The following are the runbook archetypes most organisations need. These map to the bulk of the Common Criteria and the optional categories most often selected.

Security Incident Response Runbook Template

Anchored to CC7.3 and CC7.4. Should cover detection, triage and severity assignment, containment, eradication, recovery, evidence preservation, communication (internal and external), and post-incident review. The structure aligns naturally with the lifecycle described in NIST SP 800-61 Revision 3, which most auditors are familiar with.

Access Control and Logical Access Runbook Template

Covers CC6.1 through CC6.3. Three operational flows belong here: provisioning (joiners), modification (movers), and deprovisioning (leavers). The deprovisioning runbook is the single most-sampled control in SOC 2 audits because the failure pattern is so common, so build this one with extra rigour. Tie the trigger to the HRIS termination event, name the systems where access must be revoked, and require timestamped confirmation.

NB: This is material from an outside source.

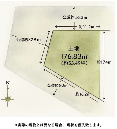 土地面積 176.83㎡(53.49坪) / 建物面積 0.00㎡ / 間取り -- 物件番号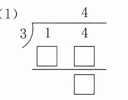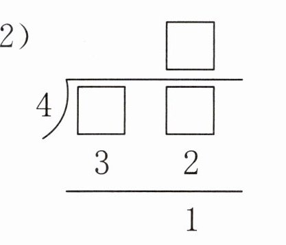 【解析】(1)先算出 4×3 = 12 写在被除式的下面,14 - 12 = 2,所以余数为 2。(2)想 4×8 = 32,所以商为 8,又知道余数为 1,所以被除数为 32 + 1 = 33。

Change Management Runbook Template

Maps to CC8.1. Production change request, peer review, approval, deployment, post-deployment verification, rollback procedure. Tie it to your version control and ticketing systems so the artefacts (PR, ticket, deployment log) are the evidence.

Availability and Business Continuity Runbook Template

If Availability is in scope, A1.2 and A1.3 demand documented and tested procedures for failover, restoration, and capacity adjustments. Each scenario, whether a regional outage, a database failure, or a dependency degradation, should have its own runbook with named recovery time objectives.

Vendor and Third-Party Risk Management Runbook Template

CC9.2 territory. Onboarding (security review, contract execution, access grant), ongoing monitoring (annual review, SOC 2 collection), offboarding (access revocation, data deletion confirmation). One inventory, one runbook for each phase, one cadence.

Data Privacy and Confidentiality Runbook Template

If Confidentiality or Privacy are in scope, you need runbooks for data classification, encryption verification, retention enforcement, and deletion or subject access requests. These are increasingly cross-referenced with GDPR, CCPA, and other privacy obligations.

Pro Tip: Writing a Runbox Index

Auditors form an opinion on your programme in the first thirty minutes of fieldwork. The fastest way to set a positive tone is a clean runbook index that maps every Common Criteria control to a specific runbook by name. The map itself is not strictly required, but it transforms how the rest of the audit unfolds.

Build SOC 2 runbook in 7 Steps

How to Build a SOC 2 Runbook Step by Step

A practical sequence for going from blank document to audit-ready procedure.

Step 1: Map Runbooks to SOC 2 Common Criteria Controls

Start with the control matrix, not a blank page. Pull your in-scope criteria, list every control, and identify which require an operational procedure. Most CC6, CC7, CC8, and CC9 controls do. Some CC1 and CC2 controls (governance, communication) need policies more than runbooks.

Step 2: Define the Scope and Trigger for Each Runbook

A runbook with no defined trigger gets used inconsistently or not at all. Be specific. Triggered by a Sev-1 PagerDuty alert, or triggered by a manager-submitted termination ticket in Workday. Vague triggers are why controls drift.

Step 3: Document Exact Procedures with Audit-Ready Detail

Write the steps in active voice, in the order they happen, with the system and the action both named. Run the access revocation script in Okta rather than remove access. If a step requires judgment, say so explicitly, and name who exercises it.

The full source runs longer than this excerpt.